What this task involves
Return, unchanged and with no pictures, the lines below from the very first through the one that contains "Izradite svjetlucave naljepnice".

Information provided
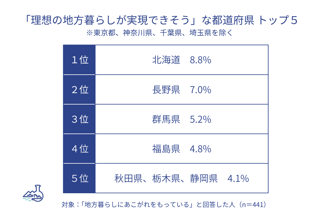 理想の地方暮らしを実現できそうな都道府県のトップは
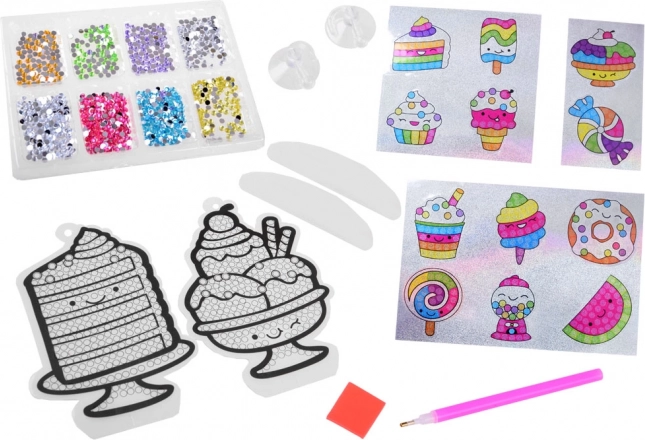 Izradite svjetlucave naljepnice i viseće ukrase (npr. za prozor) uz pomoć 2 velike šablone, vakuumskih čašica s kukicama i 12 zabavnih motiva deserata.
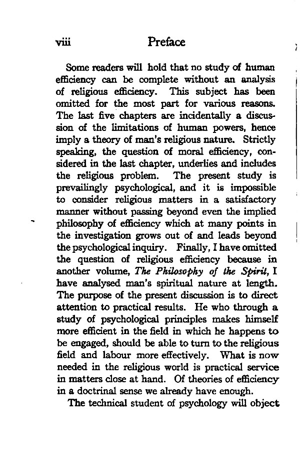 Some readers will hold that no study of human efficiency can be complete without an analysis of religious efficiency. This subject has been omitted for the most part for various reasons The last five chapters are incidentally a discussion of the limitations of human powers, hence imply a theory of man's religious nature. Strictly speaking, the question of moral efficiency, considered in the last chapter, underlies and include: the religious problem. The present study is prevailingly psychological, and it is impossible to consider religious matters in a satisfactory manner without passing beyond even the implies philosophy of efficiency which at many points in the investigation grows out of and leads beyond the psychological inquiry. Finally, I have omitted the question of religious efficiency because in another volume, The Philosophy of the Spirit, I have analysed man's spiritual nature at length The purpose of the present discussion is to direct attention to practical results. He who through study of psychological principles makes himself more efficient in the field in which he happens to be engaged, should be able to turn to the religious field and labour more effectively. What is now needed in the religious world is practical service in matters close at hand. Of theories of efficient in a doctrinal sense we already have enough.

Reply
 理想の地方暮らしを実現できそうな都道府県のトップは
 Izradite svjetlucave naljepnice i viseće ukrase (npr. za prozor) uz pomoć 2 velike šablone, vakuumskih čašica s kukicama i 12 zabavnih motiva deserata.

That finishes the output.